1.Milli mesele (Kürt meselesi)
2.Kemalizm Eleştirisi
Devrimin yolu, Cephe, vs ,vs devrimin onlarca sorununa (genç yaşına rağmen) cevap aramış ve cevap olmuştur yoldaş Kaypakkaya.
Her meseleye yaklaşımında diyalektik bir metot görürüz. Kemalizm‘i incelerken, Kemalist hareketin hangi sınıfı temsil ettiğini incelemiştir, buradan doğruyu yakalamaya çalışmıştır. Ancak bundan dolayıdır ki; ezen ulus şovenizminden gram etkilenmemiş, milli mesele gibi Türkiye Devrimci Hareketi‘nin bugün hala üzerine fırtınalar kopartılan en önemli meselesine 50 yıl önce cevap olmuştur.
“Böyle bir öndere sahip olmak ayrıcalıktır“ sözünün altını bir kez daha çizmek gerekiyor diye düşünüyorum.
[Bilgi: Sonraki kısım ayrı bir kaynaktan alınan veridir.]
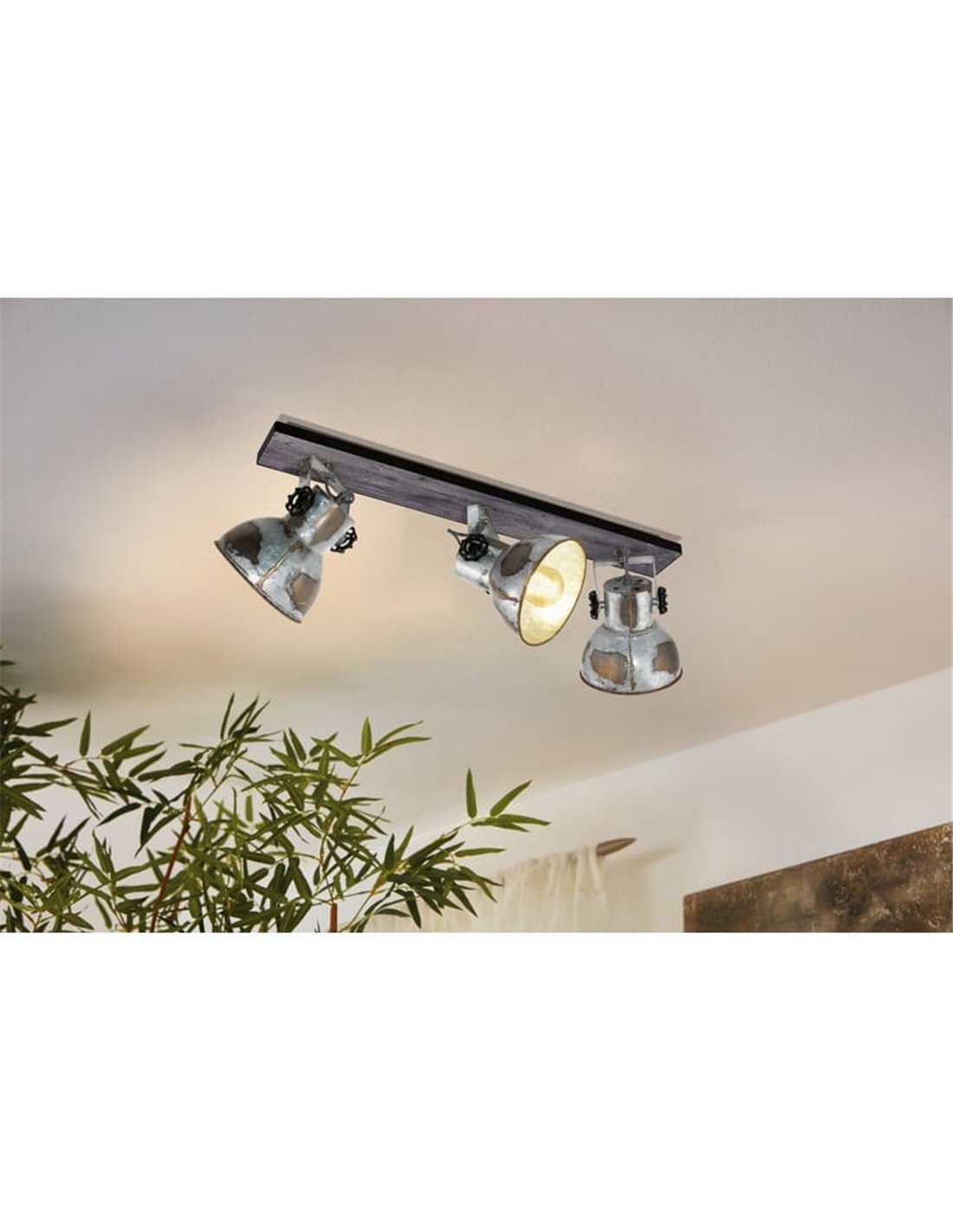 El plafón de techo BARNSTAPLE de EGLO es la elección perfecta para quienes buscan un estilo industrial auténtico en su hogar. Con un cuerpo de metal rectangular y un elemento decorativo de madera marrón, este plafón se convierte en un punto focal en cualquier estancia. Los 3 cabezales de luz móviles con acabado en zinc usado aportan una estética rústica y elegante que complementa a la perfección el mobiliario moderno.

Almanya‘ya göçün 62 yılında,n ölümsüzlüğünün 50. yılında Avrupa‘da yaşayan yerli ve göçmen emekçiler için ne anlam taşır Kaypakkaya yoldaşın belirlemeleri? Şimdiye kadar hiç tartışılmayan yada benim böyle bir tartışmaya şahit olmadığımdır üzerinde durmak istediğim bu mesele!
Avrupa cografyasında Kaypakkaya yoldaşı anma etkinliklerinin yapıldığı şu günlerde, Kaypakkaya yoldaş bir gece, bir kaç panelle anılabilinir mi? HAYIR! Yoldaş bir gece ve panellere sığmayacak kadar BÜYÜKTÜR!!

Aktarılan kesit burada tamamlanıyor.